Но он не ответил.
– Я не об этом, – Влэд снова опустил глаза на скатерть. – Я только хочу сказать, что это опасно. Понимаешь, опасно. Твоя мать была убита совсем недавно. Неизвестно за что, неизвестно кем. Мы ничего не знаем, понимаешь? А тут эти незнакомые люди… Что им надо от нас?
– Думаю, от тебя им ничего не надо, – она и не пыталась скрыть насмешки.
Он снова поднял глаза и стал терзать ее разнесчастным взором. Пришлось уставиться в окно. Да хоть куда, лишь бы не натыкаться на его жалкую физиономию. Как он все же надоел ей! Почему, если ее мать с ним спала, то и она теперь должна с ним спать? Почему она должна жить в этом старом, опостылевшем доме, с этим старым, скучным человеком? Как ей все надоело!
– Ну да, я им не нужен, – согласился Влэд. – Но зачем им ты? Не забывай, твоя мать погибла при странных обстоятельствах, и тебе следует быть осторожной. Особенно тебе…
– В полиции считают, что это ты ее убил. Они просто доказать не могут, – пожала плечами Элизабет.

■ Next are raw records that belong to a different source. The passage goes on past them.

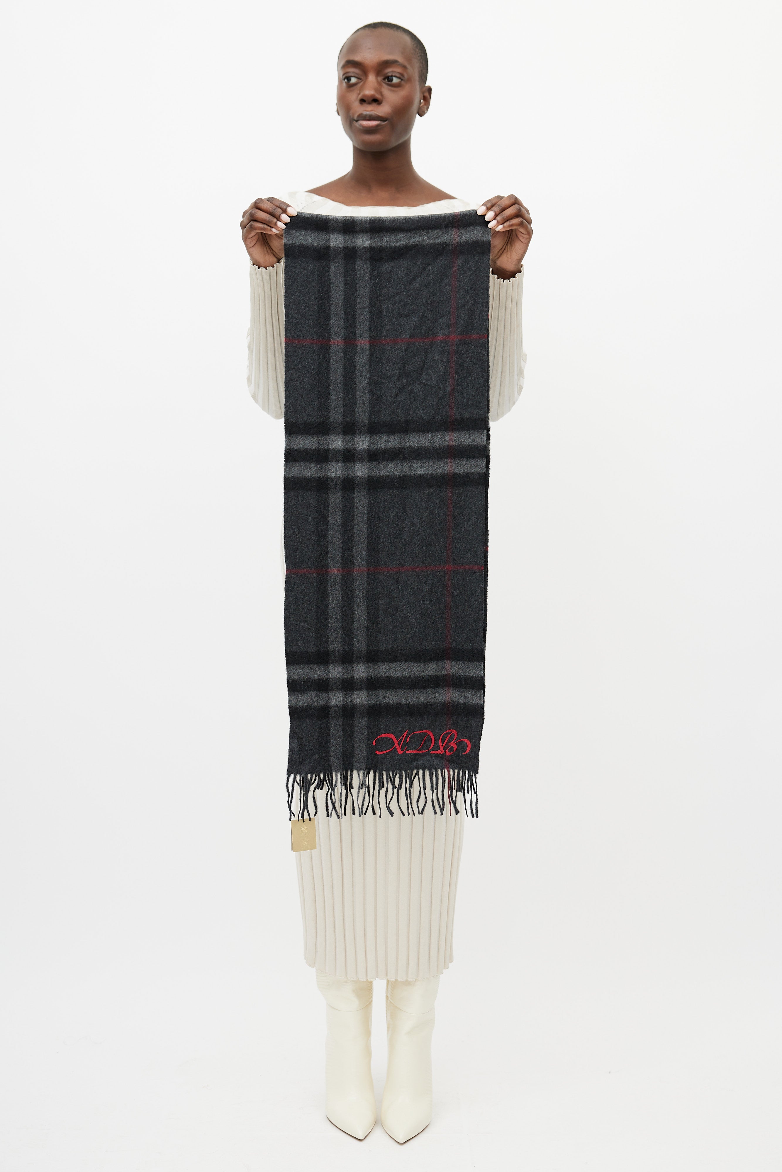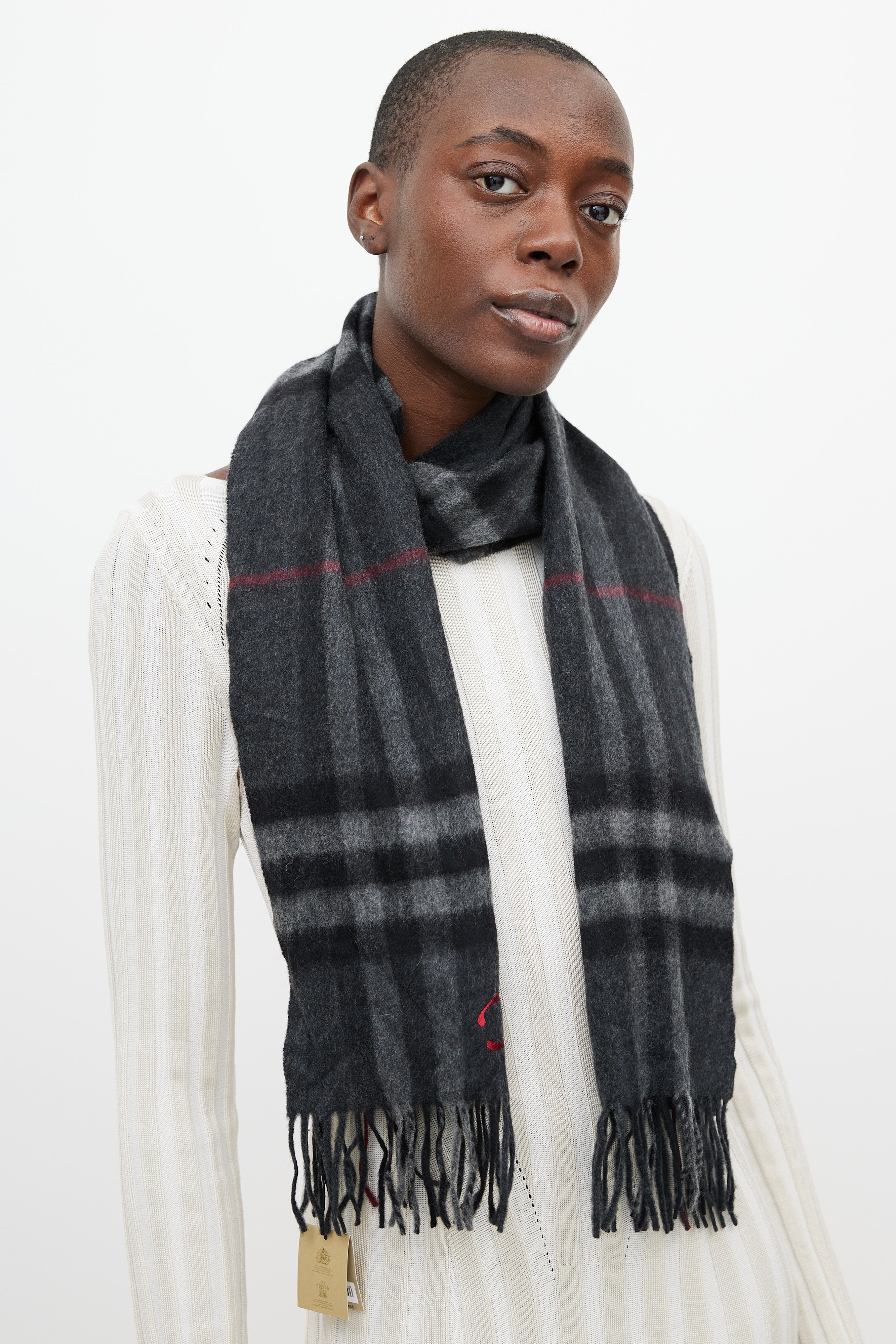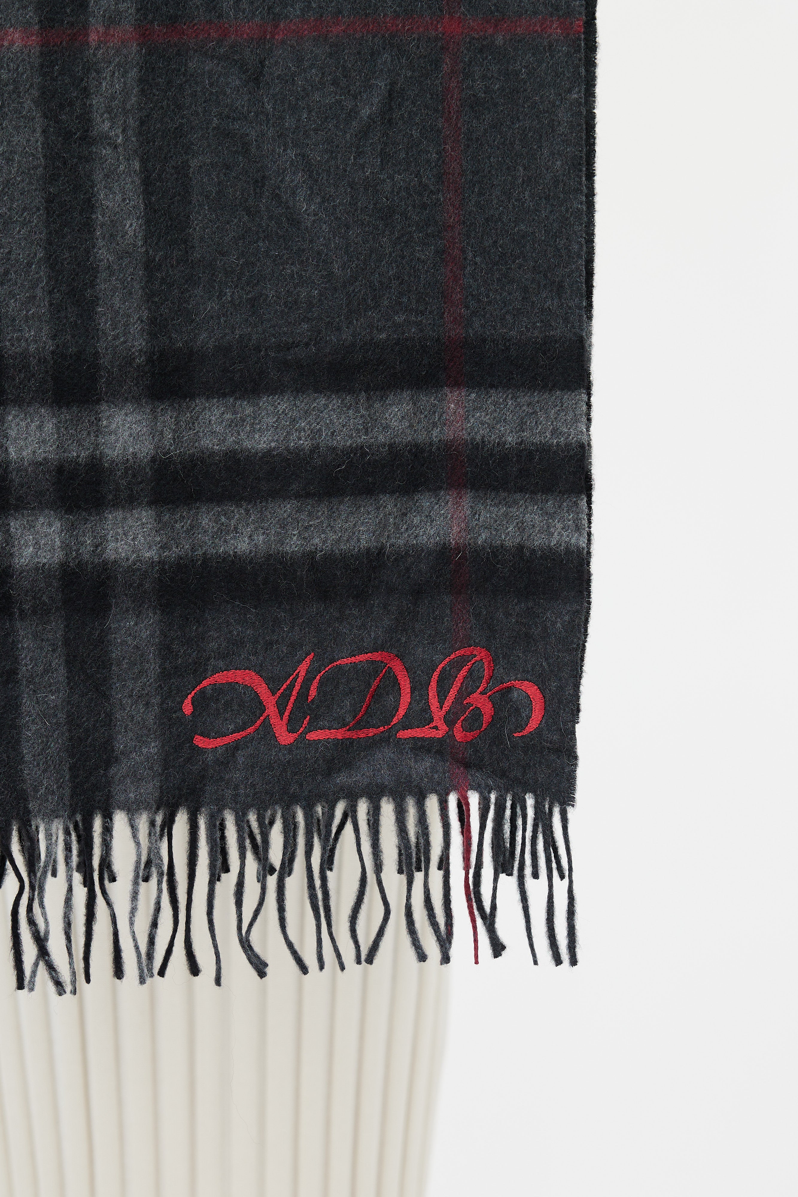 Burberry grey cashmere scarf featuring a red Nova Check pattern throughout, embroidered detail at corner, and fringe trim.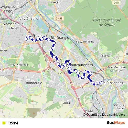 See why over 2 million users trust and consider busmaps.com as the best public transport website. busmaps gives you Evry Buses suggested routes, real-time bus tracker, line route maps in Evry, and helps to find the closest Tzen4 bus stops near you. No internet available? Download an offline PDF map and bus schedule for the Tzen4 bus to take on your trip.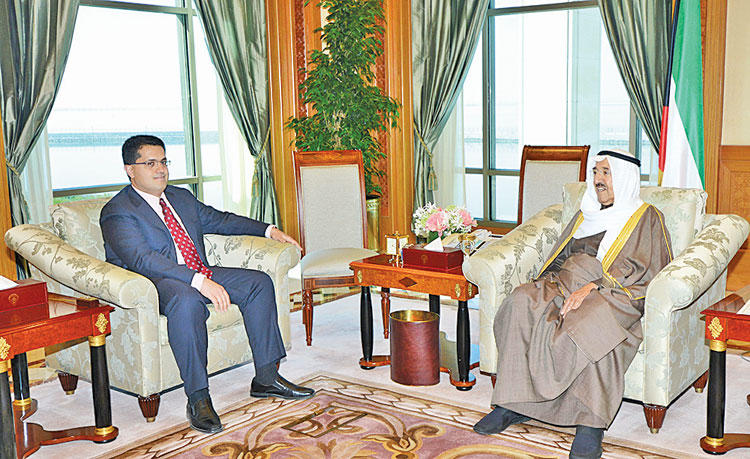 استقبل سمو أمير البلاد الشيخ صباح الأحمد بقصر السيف صباح أمس النائب الأول لرئيس مجلس الوزراء وزير الخارجية الشيخ صباح الخالد، ووزير خارجية قطر الشقيقة محمد بن عبدالرحمن بن جاسم آل ثاني، وذلك بمناسبة زيارته للبلاد.كما استقبل سموه رئيس غرفة تجارة وصناعة الكويت علي الغانم وأعضاء الغرفة، الذين قدموا لسموه رؤية الغرفة بشأن الإصلاح المالي والرؤية التنموية بالكويت في ضوء انخفاض أسعار النفط.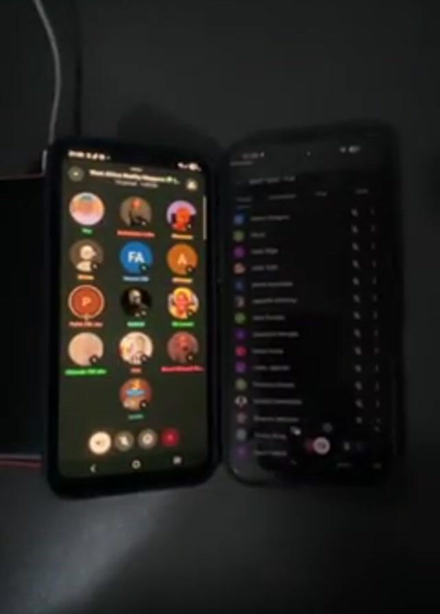 two smartphones lying side-by-side on a dark, possibly black, surface. On the left is an Android phone, displaying a group chat interface with multiple circular profile icons and names of group members. The phone on the right, likely an iPhone, also displays a list of contacts or chat participants, also with circular profile icons next to their names. The screens of both phones are lit up, suggesting they are active. A small portion of what appears to be a black cable and a red and black object are visible in the background. The overall lighting is dim, making the screens the primary source of illumination. There is an audio track playing in the background of what sounds like a voice recording.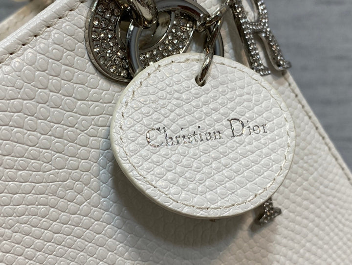 MINI LADY 17 BAG IN WHITE EMBOSSED LAMBSKIN WITH SILVER CLASP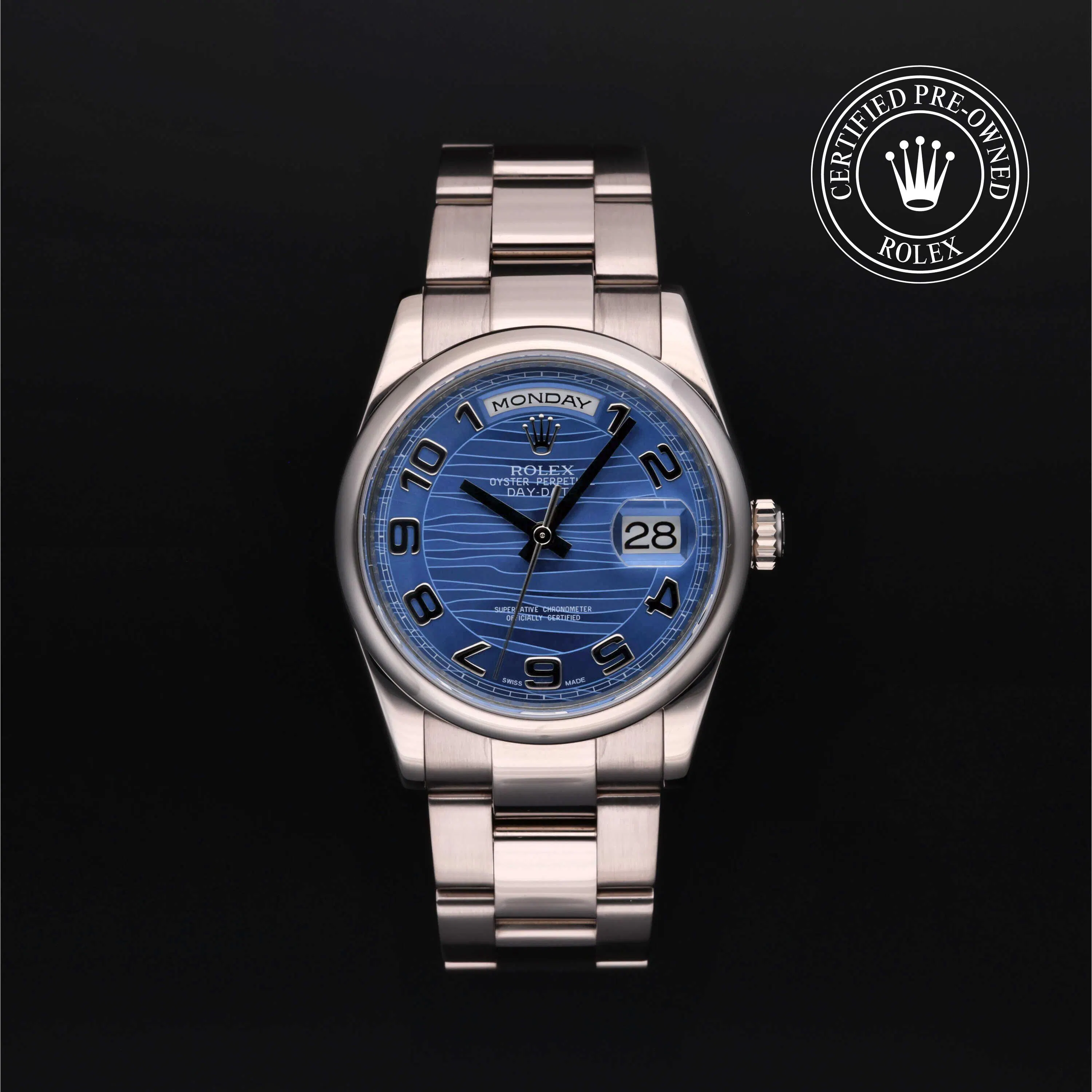 Rolex Certified Pre-Owned Day-Date (118209) self - winding automatic watch, features a 36mm 18k white gold case and domed bezel surrounding a blue Wave dial on an 18k white gold Oyster bracelet. Functions include hours, minutes and seconds. This watch has received Rolex-authorized service and certification. It comes with the original papers, and includes a custom Rolex Certified Pre-Owned hang tag, travel pouch and RCPO international warranty card.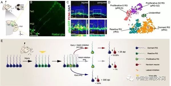 图注: A.成年斑马鱼中脑视顶盖损伤示意图; B. 稀疏标记的中脑视顶盖放射状胶质细胞; C.损伤引起静息态放射状胶质细胞增殖; D.单细胞测序分析显示损伤后的视顶盖存在着三类放射状胶质细胞: 静息态、激活态和增殖态。 E.模式图: 损伤引起损伤位点下方所有静息态放射状胶质细胞转变为反应态; 只有25%反应态细胞转变为增殖态; 此过程受到Notch/Delta介导的侧向抑制调节; 在损伤条件下,增殖态放射状胶质细胞主要进行胶质增生,产生~3-5%的新生神经元; 新生神经元可以存活至300天; 在Notch信号通路抑制条件下,静息态放射状胶质细胞可转变为增殖态,但只产生~1%新生神经元; 然而,在损伤后特定时间窗口(损伤后4-5天)抑制Notch信号通路会驱使反应态放射状胶质细胞进入细胞周期,这些细胞会产生更多的新生神经元(~12-20%); 这些新生神经元中的绝大部分却只能存活少于25天。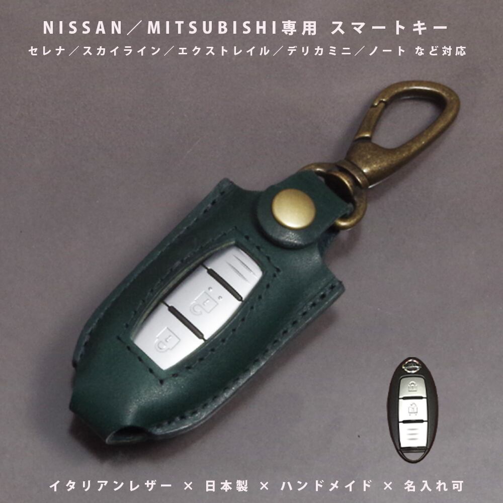 日産 スカイライン/エクストレイル/セレナ/ノート/デイズ 対応 三菱 デリカミニ/ekクロス 対応 スマートキーケース カバー 本革 名入れ イタリアンレザー 日本製 ハンドメイド ギフト | NORTH LEAF

Она специально так сказала, чтобы посмотреть, как он вздрогнет всем телом. Он и вздрогнул. Снова поднял на нее глаза. «О Господи, ну сколько можно! Какой же он все-таки жалкий, ничтожный. Как и всё кругом. Как же хочется отсюда выбраться, из этой беспредельной ничтожности».
– Ты же знаешь, что это чушь! – Он вскочил, щеки его горели, губы снова почти исчезли с лица, превратившись в узкие, едва различимые ниточки. – Как ты можешь так говорить? Я любил твою мать, я…
– Ну да, – закивала головой Элизабет. Почему-то ей стало смешно. – Конечно, любил, как любишь теперь меня… Старый кобель. Ты пользовался ею, а потом решил попользоваться мной. Разве не так? Если бы в полиции узнали, что ты со мной делаешь, они бы тебя из каталажки не выпустили… – Она хотела продолжить, но не смогла, – он уже кричал, не сдерживаясь, не слыша ее возражений, не понимая ее насмешек:
– Замолчи! Ты же знаешь, что это не так! Как ты можешь так говорить?! Почему ты такая жестокая?! Ведь все совсем не так… Ведь я без ума… – он не договорил, она прервала его:
– Вот это точно. – Он раздражал ее, как, наверное, никто никогда не раздражал. А еще ей надоели эти препирательства. Она встала. – Да ладно, шучу я. Шучу, понял? Конечно, ты любил мать. А теперь любишь меня как ее продолжение. Мы для тебя единое целое, и твоя любовь перешла с нее на меня. Правильно?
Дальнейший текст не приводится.